The problem is that the rail is in the way, even for the Minn Kota Riptide with their ingenious deployment mechanism.

Another problem is I don't want to give up the bow rail because when I solo launch, I climb up onto the trailer, up onto the winch stanchion, then onto the bow. I need the railing to keep me from busting my butt should I lose my footing.

It would be nice if I could cut the bow rail in the exact center and also near the port vertical rail stanchion, add a hinge in the middle and a latch of some sort on the left.

I searched the internet all last night and this morning looking at stainless steel railing hardware, but couldn't find anything that would work. I'm envisioning something like a barrel hinge that slips inside the railing tubes and is held in place with set screws or something. Then on the latch side, something similar except with a linchpin.

Anyone know the products I'm describing? Is this going to be a custom fabrication thing?

Thanks,
Nate


----------



## Chapman5011 (Mar 7, 2013)

Why not just remove the rail and replace with some sort of white cap to cover the holes.


----------



## Kim (Aug 5, 2008)

They make something sort of what you are talking about. Jefferson Yacht uses something like that for their port and starboard side access for the accommodation ladder/ramp. One side is hinged and the other is a screw on/off connection.


----------



## lsucole (May 7, 2009)

I had the same situation on a boat years ago. We cut the rail off on each side just in front of the most forward support posts. This enabled me to mount my trolling motor with no problems. We then installed fittings into the open holes in the tubes where we cut them and I attached a removable stainless steel chain which basically went where the cut out rail section used to be -- only did that because it looked cool !


----------



## nathar (Jun 25, 2009)

Chapman5011 said:


> Why not just remove the rail and replace with some sort of white cap to cover the holes.

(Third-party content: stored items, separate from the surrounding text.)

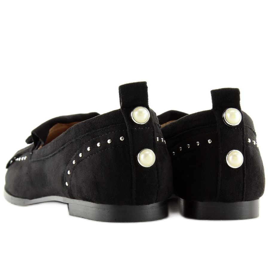 Fedezze fel az eleganciát és a kényelmet egyben a gyönyörű G242 Black női mokaszinoknak köszönhetően! Ezeket az egyedi cipőket klasszikus szabás jellemzi, amely soha nem megy ki a divatból. A masnival ellátott dekoratív rojtok és az elülső finom szegecsek és a hátulsó gyöngyök lenyűgöző kombinációja minden lépést igazán élvezetessé tesz bennük.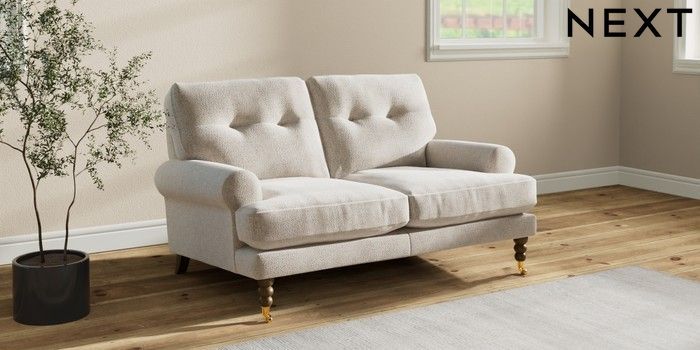 7.2.10 Erin Buttoned Back Deep Relaxed Sit 2 Seater Small Sofa Chunky Marl Oyster High Classic Turned Brass Castor - Mid | Made Click here to use our website with more accessibility support, for example screen readers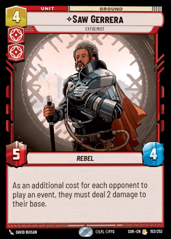 Justin – We got our last Double Aspect card as well! Love the art on Saw, and one of my favorite Star Wars characters of the last decade. An interesting ability with a decent statline of 5/4 at 4 resources definitely makes him playable in Double Aggression decks, but I’m still not sure what the best version of that will be. When you go Hero Double Aggression, you definitely want to play the Aggro archetype, but you end up hurting your best card (For a Cause I Believe in) because you can’t run enough hero cards to give it favorable hit rates. It’s likely Villain will run it best, which always makes me laugh seeing Saw and the partisans running alongside given their Imperial hate.
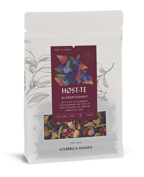 Blåbæryoghurt fra Solberg & Hansen er en frukt te med en fyldig og blåbærsøt fruktblanding med smak av vaniljeyoghurt og høstens sødmefulle bær.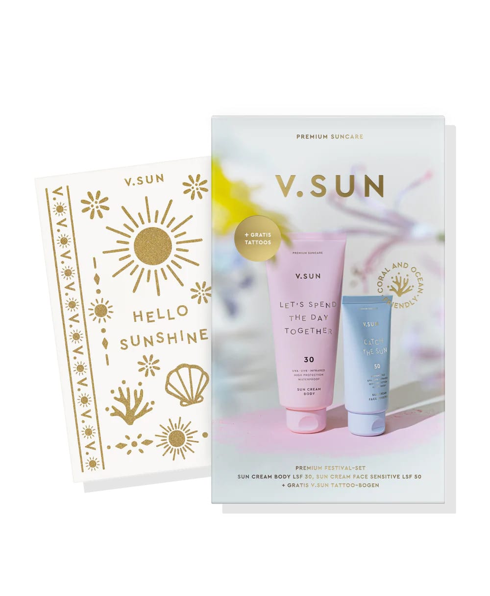 Of je nu staat te dansen op je favoriete festival of geniet van een zonovergoten dag op het strand: je huid verdient de beste zorg. De V.SUN Festival Set combineert hoogwaardige zonbescherming met een vleugje luxe. Het beschermt niet alleen tegen schadelijke uv-stralen, maar verzorgt ook je huid als een premium bodylotion.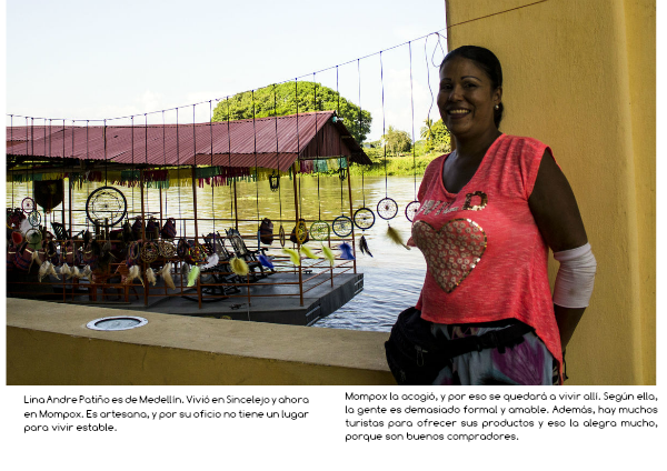 Lina Andre Patiño es de Medellín. Vivió en Sincelejo y ahora en Mompox. Es artesana, y por su oficio no tiene un lugar para vivir estable.
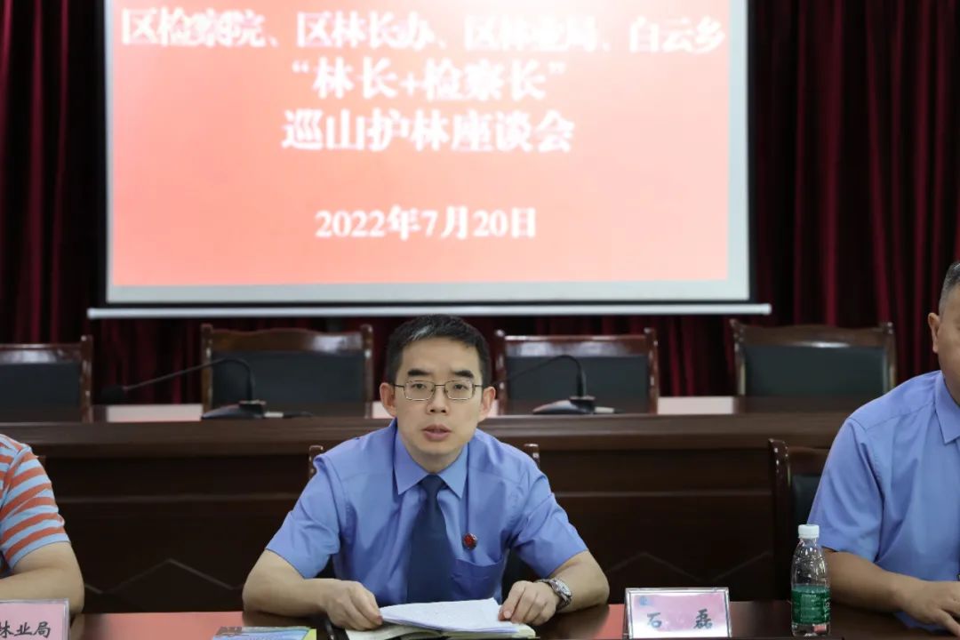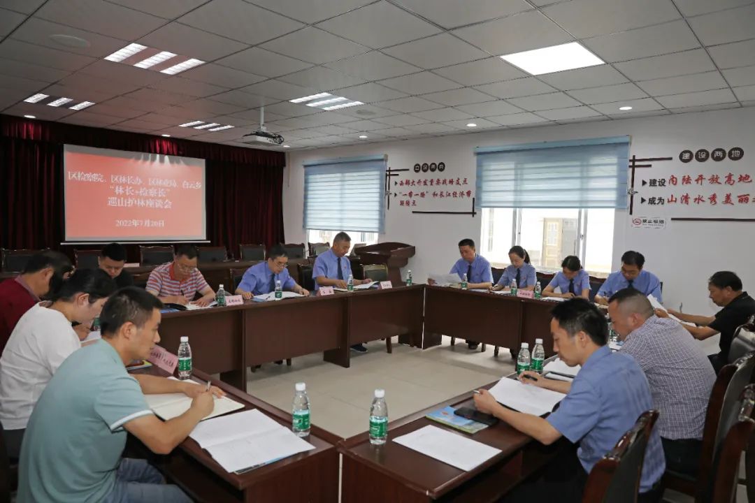 在随后召开的座谈会上,白云乡党委书记梁永胜介绍了该乡近几年巡山护林及生态保护的工作情况,区检察院检察五部负责人黄坤峰介绍了该院开展公益诉讼生态环境保护的相关情况。与会人员对建立“林长+检察长”工作机制和公益诉讼检察工作予以充分肯定,并结合通报内容及个人职业特点,从不同角度为生态环境保护公益诉讼检察工作积极建言献策。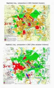 One can observe a subtle difference in the orientations of the Sunni and Shia insurgencies when it came to the invaders. The radical Sunni insurgent view was one of absolute rejection and opposition. Nothing short of the end of the post-2003 order and the expulsion of the Coalition – in other words, national liberation – would suffice. It is therefore no surprise that Sunni militias were responsible for a staggering 90% of attacks against Coalition forces.[11] In contrast, the radical Shia insurgent view was more ambiguous. For them, the Coalition was a vehicle through which Sunni political power could be destroyed and Shia political power cemented. Badr’s and SCIRI’s hijacking of the Ministry of Interior is highly illustrative. The 110,000-strong personnel of the Ministry of Interior could have been used to great effect against the Coalition, but they instead were deployed against Sunni civilians. Rather than fighting the Coalition as such, SCIRI and Badr made sure to secure their own place in the post-2003 order, which they then used against their main rivals, the Sunni forces. The intersection of sectarian politicking and great power militarism would have disastrous consequences for Iraqi society. Once known as a highly pluralistic and multicultural country, Iraq would descend into unspeakable violence, from which it still has not recovered, as can be seen in demographic maps of Baghdad.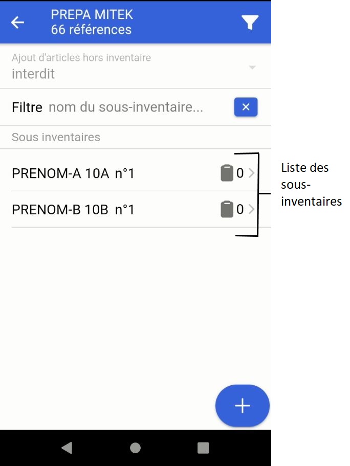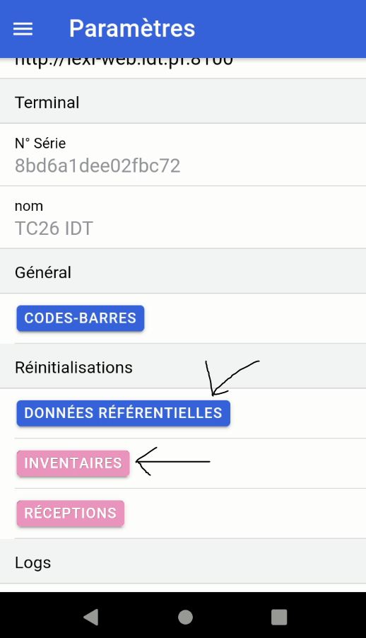 Attention : Le bouton Inventaire supprime les inventaires sur le terminal, et récupère les nouvelles données du serveur. Faite attention a bien envoyer vos données avant d'effectuer cette manipulation.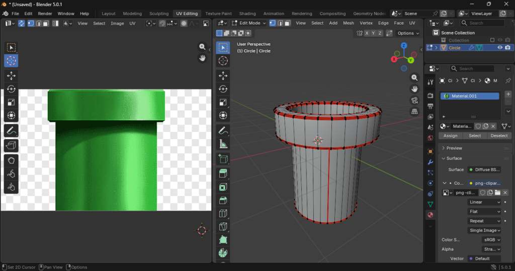 1. En el UV Editor, verás que la tapa se convierte en un mapa circular plano.

"Another problem is I don't want to give up the bow rail because when I solo launch, I climb up onto the trailer, up onto the winch stanchion, then onto the bow. I need the railing to keep me from busting my butt should I lose my footing."


----------



## nathar (Jun 25, 2009)

Kim said:


> They make something sort of what you are talking about. Jefferson Yacht uses something like that for their port and starboard side access for the accommodation ladder/ramp. One side is hinged and the other is a screw on/off connection.


Thanks. I now vaguely remember this type of gate from back in my sailing days. This might work.


----------